A curriculum framework is part of an outcome-based education or standards based education reform design. The framework is the second step, defining clear, high standards which will be achieved by all students. The curriculum is then aligned to the standards, and students are assessed against the standards. As compared with traditional education which is concerned only about delivering content, a standards based education reform system promises that all will succeed if all are held to high expectations. When the standards are reached, there will be no achievement gap where some groups are allowed to score lower than others, or the disabled are offered different opportunities than others. All will meet world class standards and be qualified for good colleges and trained for good jobs which pay good wages. In a traditional education system, the curriculum was defined by those who created textbooks rather than government bodies which assembled groups of stakeholders to create standards based on consensus of what students should know and be able to do.

In some states, curriculum frameworks have been adopted based on traditional academic standards rather than outcome-based constructivist standards, but many frameworks were originally or still based on student-centered learning and constructivism such as reform mathematics, whole language and Inquiry-based Science which have been controversial in some states and communities. High school graduation examinations tie awarding of diplomas to demonstration of meeting the standards set out in the frameworks.

==Global curriculum frameworks==
- Project Management Curriculum and Resources Guidelines for Undergraduate Project Management Curricula and Resources was launched by a faculty steering committee in 2015. Funding to support the initiative was provided by Project Management Institute.

==National curriculum frameworks==
- Australasian Curriculum Assessment and Certification Authorities (ACACA) ACACA is the national body for the chief executives of the statutory bodies in the Australian States and Territories and in New Zealand responsible for certificates of senior secondary education.
- The New Zealand Curriculum Framework is the official policy for teaching, learning, and assessment in New Zealand schools.
- NCERT is the official agency in India for deciding the curriculum framework for schools in India. During the year 2005 National Curriculum Framework (NCF 2005) the new policy was drafted.

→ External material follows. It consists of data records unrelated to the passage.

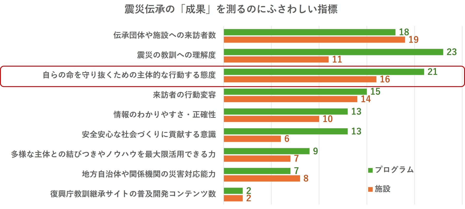 震災伝承の「成果」指標については、合計回答数の最多が「伝承団体や施設への来訪者数」でその次が「自らの命を守り抜くための主体的に行動する態度」、最小が「復興庁教訓継承サイトの普及開発コンテンツ数」であった。
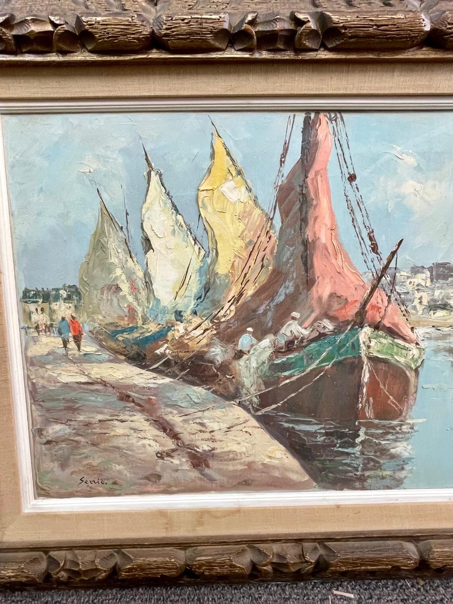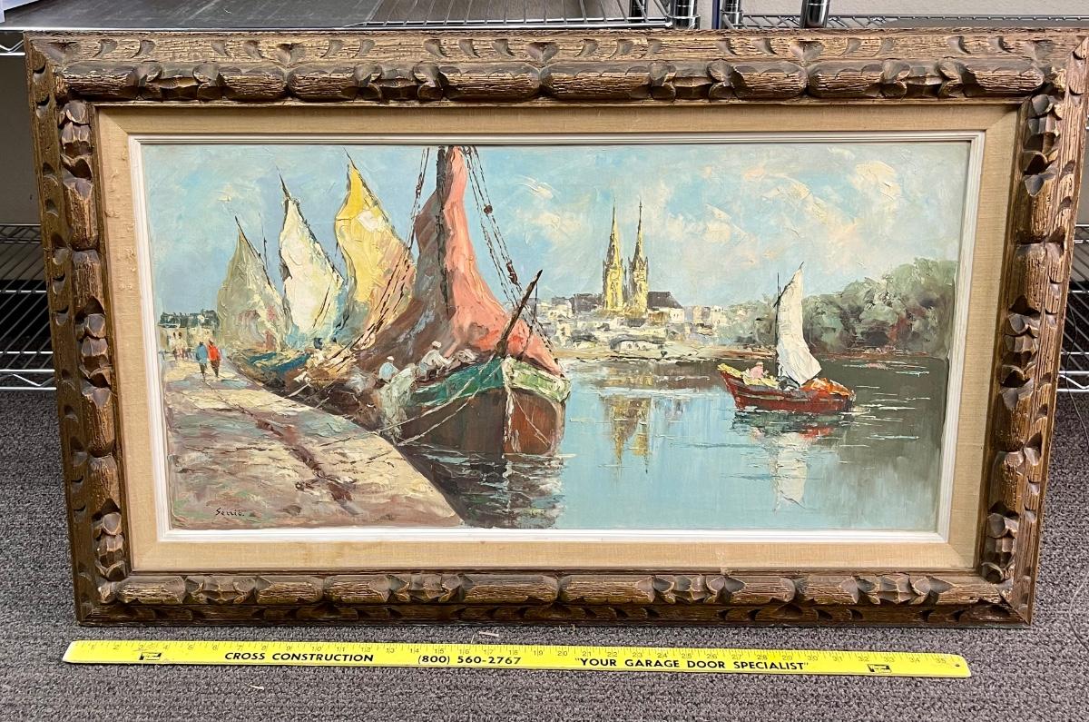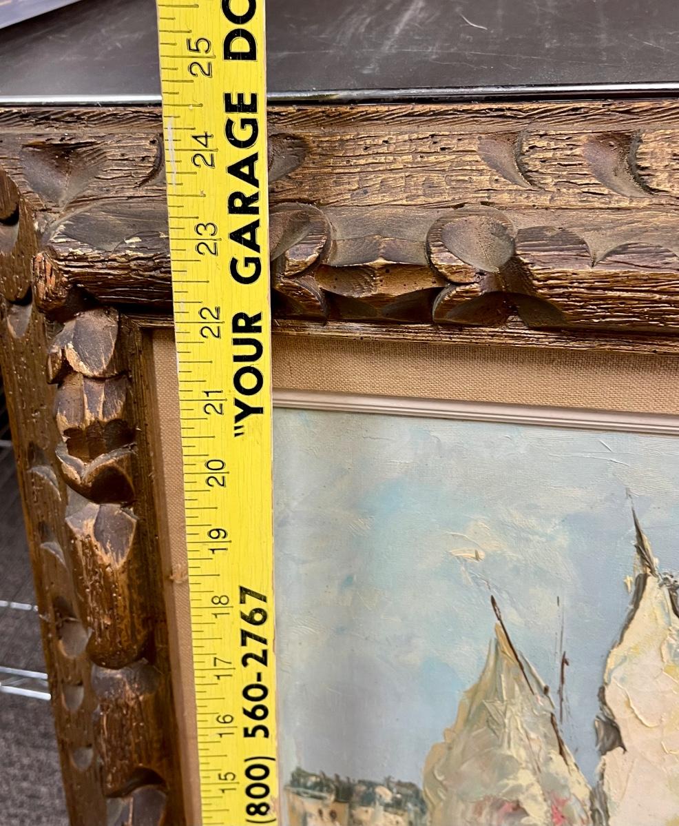 Large Oil Painting Sail Boats Carved Wood Frame signed Sezzio
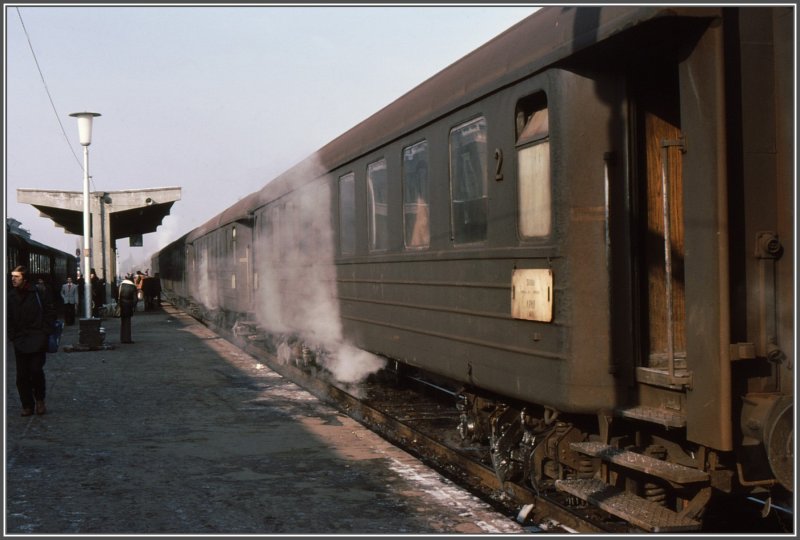 Der bunte Zug mit dem weissen Flocken - super! Jedenfalls für den Betrachter; der Fotograf kann wohl weniger von einem genüßlichen Fototag schwärmen.
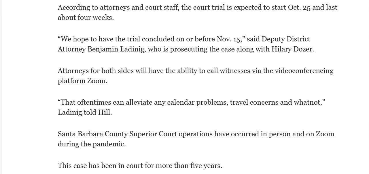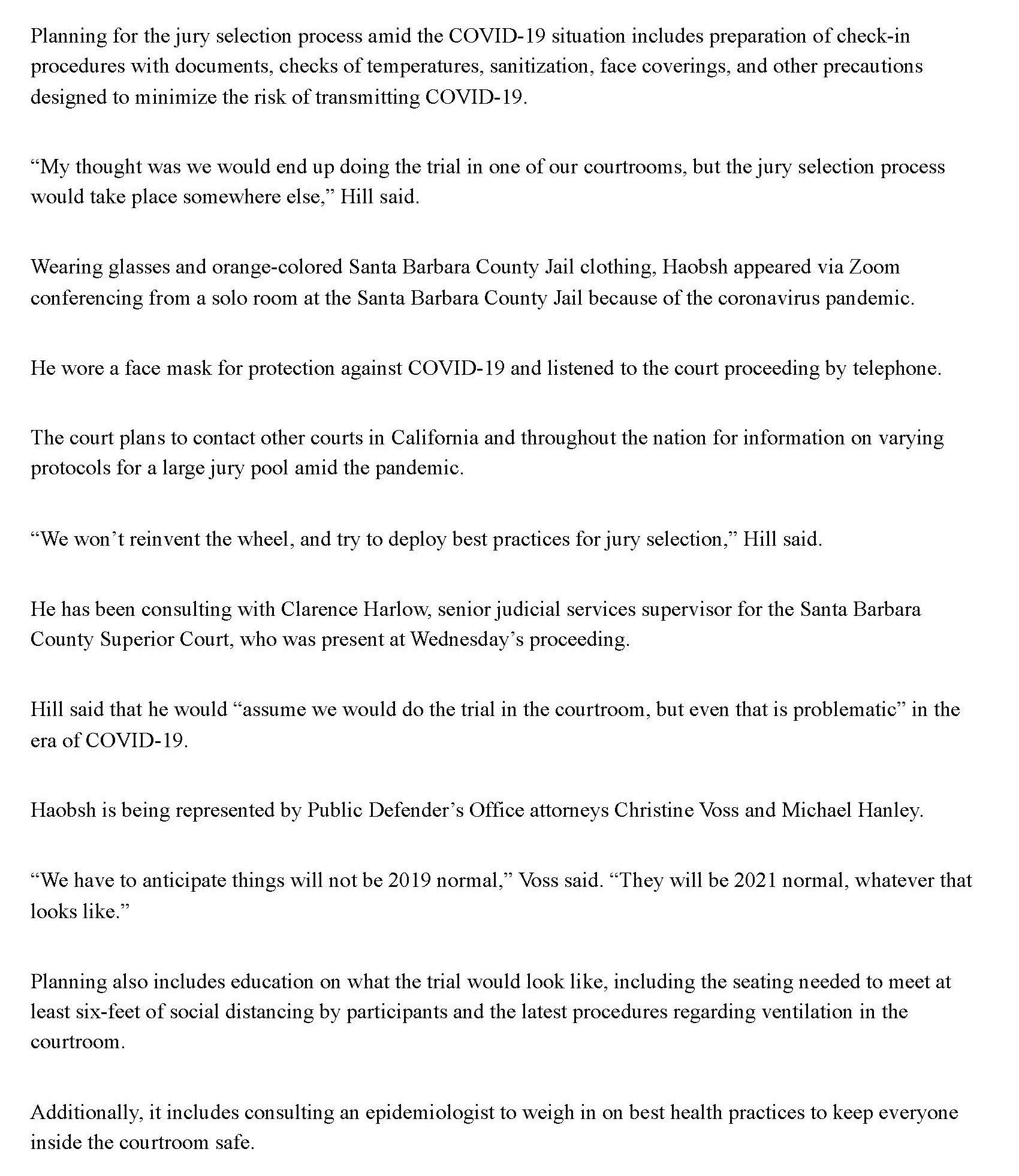 This was a true pandemic trial. It was one of the first in Santa Barbara County after the courts were shut down by the pandemic in March of 2020. All the participants wore masks, which puts the defense at a tremendous disadvantage because the client and lawyer cannot see the jurors' facial expressions during jury selection and during the trial. Addison litigated the issue and made a motion for transparent masks for the jurors. That motion was denied. The witness box was enclosed in a transparent barrier and the was a large transparent barrier between the defense and prosecution sides of the counsel table. The majority of the jurors did not sit in the jury box. Only three jurors sat in the jury box spaced six feet apart. The rest of the jurors and the alternates were seated in the gallery, behind the lawyers, spaced six feet apart. There was only one bench in the very back for the public. Again this was a huge disadvantage to the defense because Addison could not see the jury to gauge their reactions during the trial. However no amount of making motions or objecting could change the way the trial was conducted in pandemic conditions. There was one advantage, the jury selection was conducted very small groups, so it was almost individual voir dire, something that is normally only granted in capital murder cases, and even then rarely, This is called Hovey voir dire (Hovey v. Super Court (1980) 28 Cal.3d 1) and is advantageous to defense.

==State curriculum frameworks==
- Technical Education Frameworks
- Michigan Curriculum Framework
- Victorian Curriculum Assessment Authority: VELS
- California Content Standards & Curriculum Frameworks
- Virginia Dept. of Education, History and Social Science Standards
- Kerala State Council of Education Research and Training curriculum framework

==See also==
- Standards based education reform
- Victorian Essential Learning Standards (VELS)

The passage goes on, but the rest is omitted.